These all have considerable R&D behind them right now, and so appear totally feasible to me looking 1-2 decades out (not saying any one is probable). What have I missed even further out? What’s going on on the quantum physics side, for example?

synack · April 25, 2021, 10:19pm

It takes about 90 seconds to do an end-to-end seek of an LTO tape. It’s conceivable that faster tape drives could be developed to get it into the 30 second range needed for Chia harvesting. However, most R&D on tapes is focused on increasing storage density, not access speed, so I wouldn’t expect this to happen soon.

codinghorror · April 25, 2021, 10:52pm

I’m more curious about the near term… when will the first 20tb drive be introduced? does anyone have a graph of when various drive sizes were introduced? Like first 1tb, first 2tb, first 4tb, and so on?

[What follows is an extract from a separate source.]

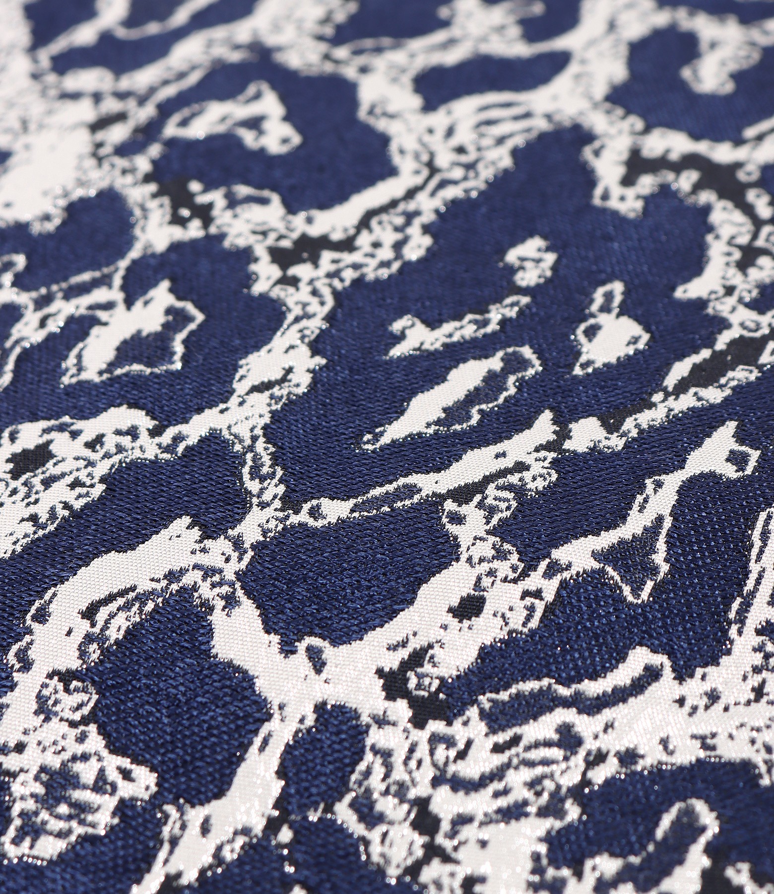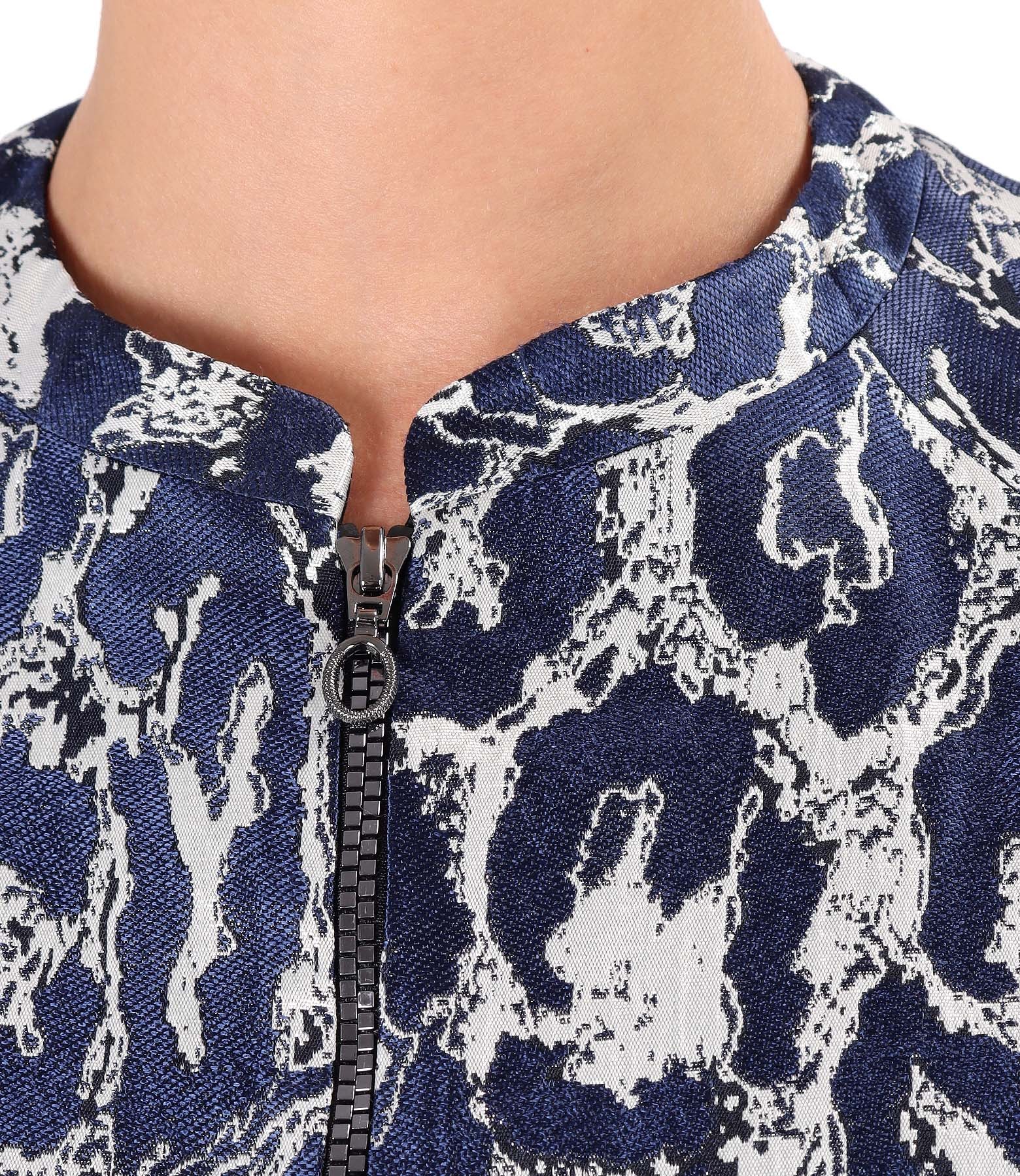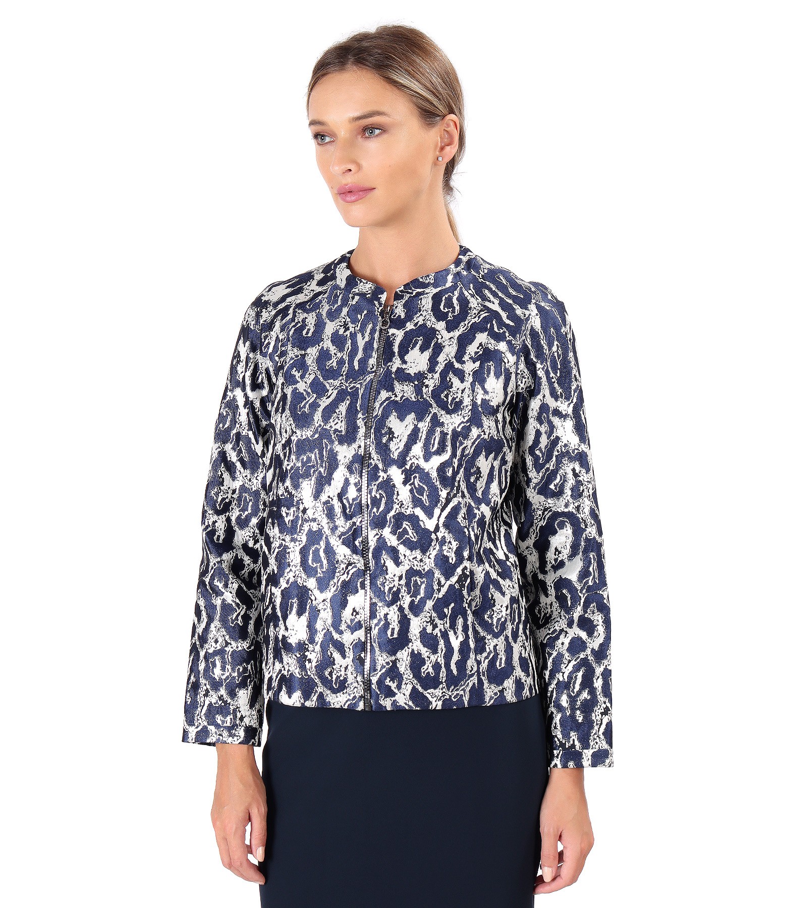 Jacheta scurta din brocart cu fir metalic si tesut cu motive geometrice, captusit, cu maneci raglan si buzunare laterale verticale. Se inchide cu fermoar pe mijloc fata.

There is technically a 20tb drive already?!?

Wikipedia has a graph

Backblaze has cost per drive size (but it stops at 8tb!!)

Speed by year

Ah here we go:

While I do know my selection of drives hardly represents the “leading” capacity for any given time and thus makes for a poor fuzzy representation of capacity over time, when plotted on a semi-log graph, it seems that capacity is increasing nearly exponentially, with a ten-fold increase in storage every five years. Does this mean we will see a 50TB hard drive by 2025? I somehow don’t think so … but there’s a slim possibility!

login-taken · April 25, 2021, 11:29pm

Rumor has it 30 second timeout was specifically chosen to exclude LTO farms, which doesn’t make sense (apart from that it’s a sensible setting for many other reasons) since they aren’t growing in capacity that much and there’s only one serious vendor left, the ridiculously expensive IBM.

codinghorror · April 25, 2021, 11:34pm

Yeah jeez, I barely thought about spinny rust hard drives for the last decade since SSDs became mature. Tape drives? Good lord. I assume there’s a market but it’s gotta be highly specialized.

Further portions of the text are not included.